A powerful way to regularize neural networks is by applying noise during training, whether it be to the inputs, hidden-unit activations, weights, or gradients. An early example of this is additive Gaussian noise applied to the inputs of denoising autoencoders. A more recent example is Dropout, in which multiplicative binomial noise is applied to inputs or hidden unit activations. While training a network to be invariant or robust to these types of noise can be beneficial, such noise lacks structure that we may wish to be invariant/robust to as well. For example, in image classification it is common to randomly generate variants of images in the training set by rotating, rescaling, color shifting, etc. in order to encourage the network to learn classification rules that are invariant to semantically trivial changes in the images. Is there an analogue to this type of data augmentation that could be used with Numerai data? I don’t think there’s anything quite as conceptually clean, but I think we can do better than standard types of noise.

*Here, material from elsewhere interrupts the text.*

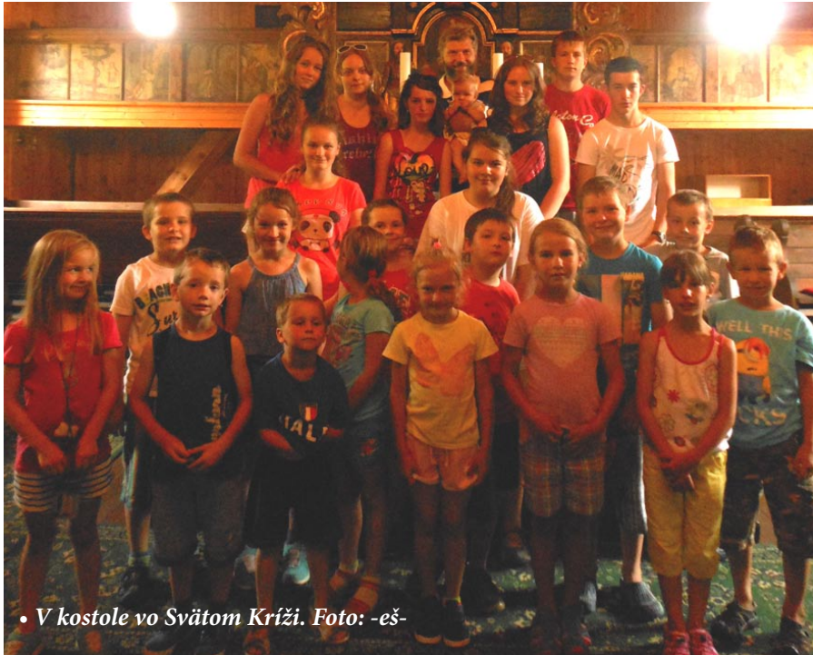
• V kostole vo Svätom Kríži. Foto: -eš-

je v kostole zobrazený dvakrát, raz ako plastika na oltári a druhýkrát namalovaný na chóre. Navštívili sme aj synagógu v Liptovskom Mikuláši, kde sme Desatoro videli napísané aj hebrejským písmom. Ďalší deň sme mali exkurziu na družstve, lebo sme „zbierali Mannu na púšti“ a vysvetľovali sme si, ako je dôležité ďakovať za úrodu, ďakovať za to, že máme čo jesť. Juj, deťom sa veľmi páčilo, že si môžu vyskúšať kombajn, posadiť sa do traktora, vidieť pílu. Bol to ďalší deň plný zážitkov. Už sme skoro na konci nášho bádania a skúmania, prišiel piatok a s ním i spojený výlet do Liptovského Jána. Z rozhľadne sme sa kochali výhľadom na náš milovaný Liptov. V podzemí sme sa oboznámili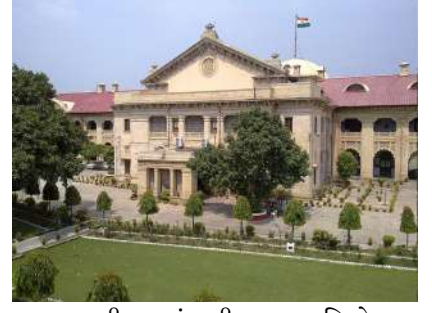
રક્ષણ આપી શકાતું નથી. પ્રથમ દ્રષ્ટિએ, આ કેસ સગીર પર ઈરાદાપૂર્વક અને આયોજિત સામૂહિક બળાત્કાર હોવાનું જણાય છે, જેની સંપૂર્ણ તપાસ જરૂરી છે.

A major concern when modeling the data is taking on too much feature exposure because a feature could unexpectedly reverse the sign of its correlation with the target and over-dependence on that feature would then wreck prediction performance. Ideally, we would like our models to be robust to feature reversals. It is of course impossible to be completely robust to an extreme (and hopefully unlikely) situation where all of the features reverse their correlation with the target. But I have found that training a network while reversing the sign of a randomly selected 25% of features at each iteration to be quite beneficial during training. The network naturally learns to reduce its maximum feature exposure and tends to spread exposure across many features rather than relying mostly on only a few. Interestingly different choices of network architecture can lead to networks that perform similarly on validation, but have very different feature exposure profiles. Below are plots from four models showing their feature exposure (i.e. feature correlation with prediction per era) for each validation era. It is clear that the exposure patterns are quite different and often strongly opposing. The max feature exposures were also generally < 0.2 which is usually difficult to obtain without explicitly applying a penalty on exposure of applying feature neutralization.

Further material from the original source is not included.